By the end of the movie I came to realize that Eastwood was probably not trying to hold up this character as a paragon of heroism. But the damage had been done by that point. Even if he has a righteous reason for putting this town in his sites and submitting them to this monstrous behavior -- a reason I don't totally buy, but okay -- you can't just go around killing people and raping people and making it seem cool because Clint Eastwood presents as a badass and he's the star of the movie. That's just irresponsible filmmaking.

Then there's just the inept staging of some of this material. The town is guilty of having been complicit in an event where the three miscreants whipped a local lawman to death in the town square, as none of them did anything to stop it, and in fact, they likely encouraged the act because the lawman was going to blow the whistle on some shady dealings that were helping prop up the town. The staging of the whipping, seen twice in flashback, is really shoddy, even though it was 1973 and they didn't perhaps have the ways of making it look convincing that they would have today.

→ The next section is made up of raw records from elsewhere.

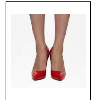
色・デザインが派手な ハイヒール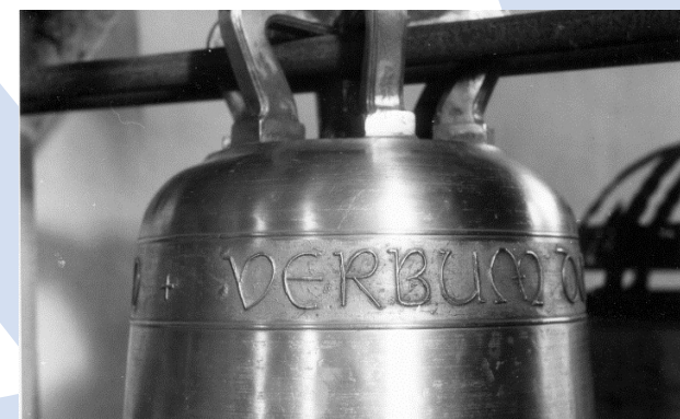
Dortmund-Wellinghofen 2006

15.30-16.30 Uhr Besichtigung des Geläuts mit vorheriger Einführung: Glocken von 1639 und 1646: Restaurierung und Reparatur von Glocken und Glockenstühlen, Umgang mit historischen Glocken, klangliche Vorführung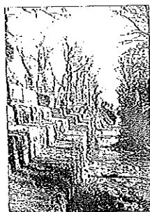
I gradoni lungo il Canale dei mulini

LUGO - Si torna domani lungo il canale dei mulini. Dalle 14 alle 18, la Lista civica dei comitati e il comitato Dernier Regard, sarà sul luogo simbolo della partecipazione dal basso alla vita politica lughese, quel canale a ridosso della tanto contestata lottizzazione sul prato di via Villa. «Invitiamo tutti i cittadini di Lugo ed in particolare quelle centinaia che ogni settimana percorrono a piedi e in bicicletta il sentiero lungo il Canale, a partecipare alla pulizia del Canale dei mulini tra il ponte delle lavandaie e la chiusa verso l'ex molino Figna», dicono dalla Lista. Che pure, non può non denunciare l'azione dei vandali sui gradoni del manufatto del ponte e che per questo non saranno oggetto di intervento da parte dei volontari: «Il lavoro di ripulitura di questi gradoni, se non eseguito con appositi accorgimenti rischerebbe di compromettere ulteriormente la loro stabilità» per cui Lista dei comitati e Dernier Regard si chiedono se l'amministrazione comunale si sia accorta di tale vandalismo. Pur rendendosi disponibili a svolgere gratuitamente la pulizia sotto la guida di tecnici della Sovrintendenza in qualsiasi momento, i volontari domani procederanno con la pulizia del fondo e delle sponde di quel tratto del Canale dei Mulini. Nell'occasione sarà possibile firmare per la presentazione della Lista civica dei comitati.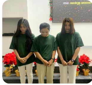
感恩愛之家 3 位女生決志信主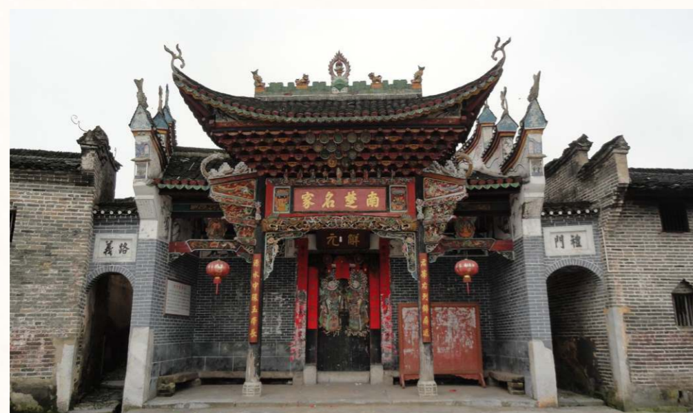
「同姓三分親」和「五百年前是一家」的俚語反映華人重視姓氏文化。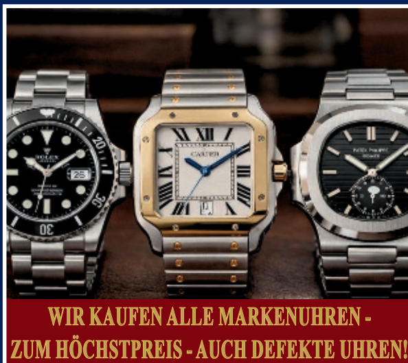
WIR KAUFEN ALLE MARKENUHREN - ZUM HÖCHSTPREIS - AUCH DEFEKTE UHREN!

Bei uns wird nicht nur der Goldwert berechnet, sondern zusätzlich der Schmuckpreis, der in der Regel 15-20 % über dem reinen Materialwert liegt – egal ob Altgold oder Bruchgold. Für jedes Stück haben wir einen fairen und individuellen Preis. Familiengeführt seit 1977 mit über 49 Jahren Erfahrung stehen wir für Fachwissen, Vertrauen und ehrliche Bewertung.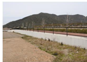
MRS II SL-K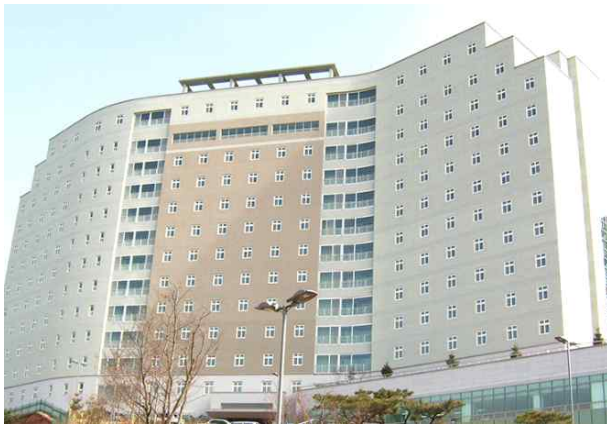
○ Dormitory(2nd Dormitory)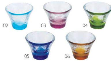
硝子ミニ珍味入 反り丸 02 (26856) 若水 420円 05 (26598) 瑠璃(ミリ) 420円 03 (26857) 浅紫 420円 06 (26599) 琥珀(コハク) 420円 04 (26858) 若草 420円 約φ5.5×H4cm ※小箱20ヶ入

But even this wouldn't have bothered me so much if Eastwood himself hadn't experienced one of these flashbacks. As he's falling asleep his first night he flashes back to the whipping death of this local lawman ... even though he was not present for the event. That's just lazy filmmaking.

This was only Eastwood's second directorial effort, so inexperience can be blamed for some of this. But the overall feel of the film is shocking and nauseating, and neither of those things in a good way. It feels as though he made Unforgiven almost as an apology for this movie. Will Munny had skeletons in his closet, dozens of them, and may have been guilty of worse crimes even than the "man with no name" of High Plains Drifter. But the fact that we don't see it is the right moral choice, and makes the same point more effectively.

2 comments:

Dell said...

Unfortunately, being a different time makes all the difference in the world. This was at a time when it was acceptable (on screen, at least) for the ultra-macho protagonist to "take care of" and "teach a lesson" to a sassy, back-talkin' woman by throwing her down and giving her "what she really wants." Therefore, this behavior is hardly unique to, nor did it originate with this movie. It happens in countless movies before and even after that. Spike Lee's She's Gotta Have It, over a decade later, has a rape scene for much the same reason. He has recently expressed regret over filming it. The point is we've become more forward thinking than we once were. Yes, it's appalling that films presented this to us repeatedly, and even more appalling that we accepted it, but thankfully, it's a different time now and (hopefully) getting better.

Derek Armstrong said...

Yeah, there's no doubt I've seen countless instances of this in older films, but I think this is also revealing how comparatively few westerns I've seen. It has never been a favorite genre and I am kind of dutifully filling in the big titles rather than doing so eagerly ... though I will admit that many of the big titles I've seen recently (Once Upon a Time in the West being a major example) have been big hits with me. Anyway, I'm sure if I'd been watching these more regularly I would recognize it as pretty prevalent rather than HPD being a particularly ripe example. In any case, I found a number of other elements about this movie problematic, resulting in my very low rating on Letterboxd. She's Gotta Have It is one of the few holes in my Lee filmography (if you can believe it, I haven't seen this or School Daze even though Do the Right Thing is in my top 20 of all time), so I will hold my nose when I do eventually watch that scene, but also remember Lee's delayed apology for it.